Encrypted protocols, such as SSL, are becoming more prevalent because of the growing use of e-commerce, anonymity services, and secure authentication. Likewise, traffic analysis is becoming more common because it is often the only way to analyze these protocols. Though there are many valid uses for traffic analysis (such as network policy enforcement and intrusion detection), it can also be used to maliciously compromise the secrecy or privacy of a user. While the payload can be strongly protected by encryption, analysis of traffic patterns can yield information about the type and nature of traffic. We are exploring the use of synthetically generated "cover traffic" in which real traffic is embedded. Perfect preservation of privacy is achieved if the cover traffic behavior is completely independent of real traffic, and yet a high price in average increased delay is experienced. Tradeoffs exist between privacy (measured in terms of entropy of probability distributions of real traffic behavior) and performance (measured in terms of average latency). This talk describes the problem and presents algorithms we've developed for managing this tradeoff.
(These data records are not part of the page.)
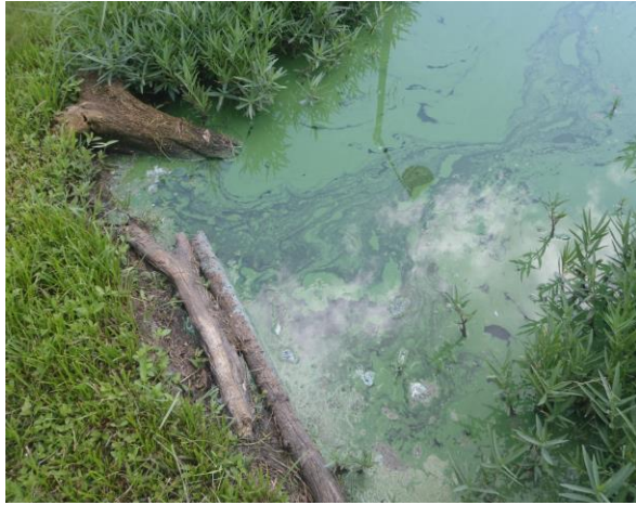
Blue-Green Algae Bloom
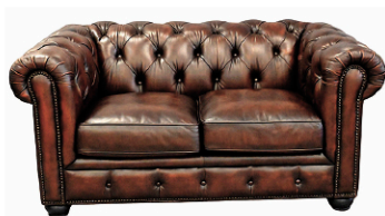
Chesterfield, lg 64"
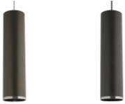
brown chestnut weathered gray oak
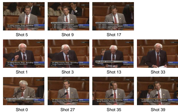
Fig. 4. Shots belonging to clusters 12, 13, and 14 from the sequence cspan17 . First and third clusters form a false split and the third cluster has a wrong grouping error.

In this paper we have described a system that uses multimodal features to detect unique people appearing in news programs and illustrated our results using data obtained from C-SPAN. For most programs our system is able to accurately detect the people in programs. However, errors may arise when the audio for a shot does not belong to the person shown in the shot. We are implementing measures based on audio continuity to solve this problem. We are also looking into learning algorithms to automatically determine weights for the three different kinds of shot distances to increase performance.
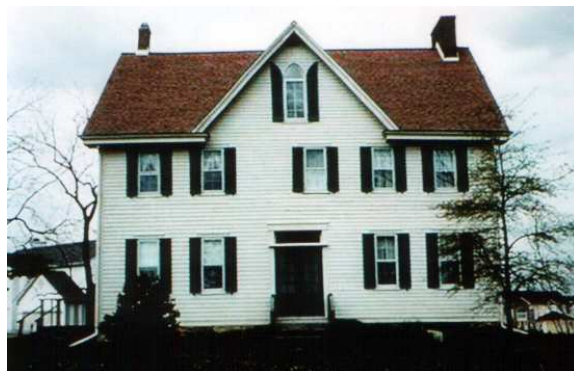
The Homestead at Waterford Township
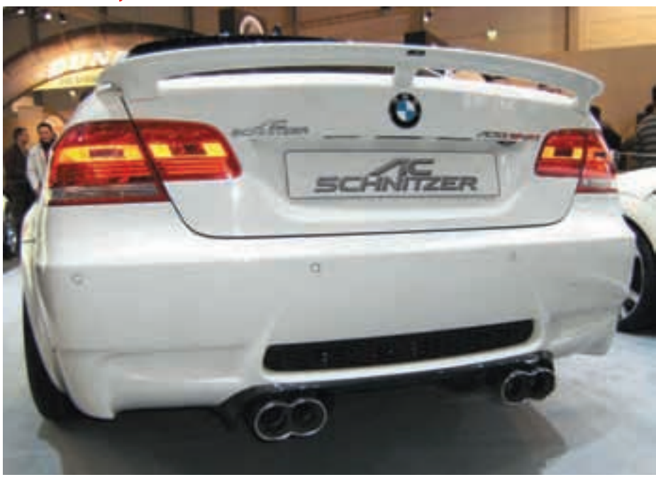
For the rear of the M3, the designers at AC Schnitzer have created a beautiful rear apron and diffuser that include references to the "flame surfacing" used on BMW's newer models. The rear wing is strong but not excessive, while the twin, "Racing" chrome tips leave no doubt as to the power that lies within this beast.

David Nicol is Director of the Information Trust Institute, and Professor of Electrical and Computer Engineering at the University of Illinois at Urbana-Champaign. He received a B.A. in mathematics from Carleton College in 1979, and the MS and PhD degrees in computer science from the University of Virginia, the latter in 1985. Before joining UIUC in 2003, he was a faculty member at the College of William and Mary, and Dartmouth College, where he served as department chair, and helped to establish the Institute for Security Technology Studies. Professor Nicol's interests lie in high performance computing, simulation and modeling, and trustworthy computing. He was elected Fellow of the IEEE and also Fellow of the ACM for his research contributions, and was the inaugural recipient of the ACM SigSIM "Distinguished Contributions" Award.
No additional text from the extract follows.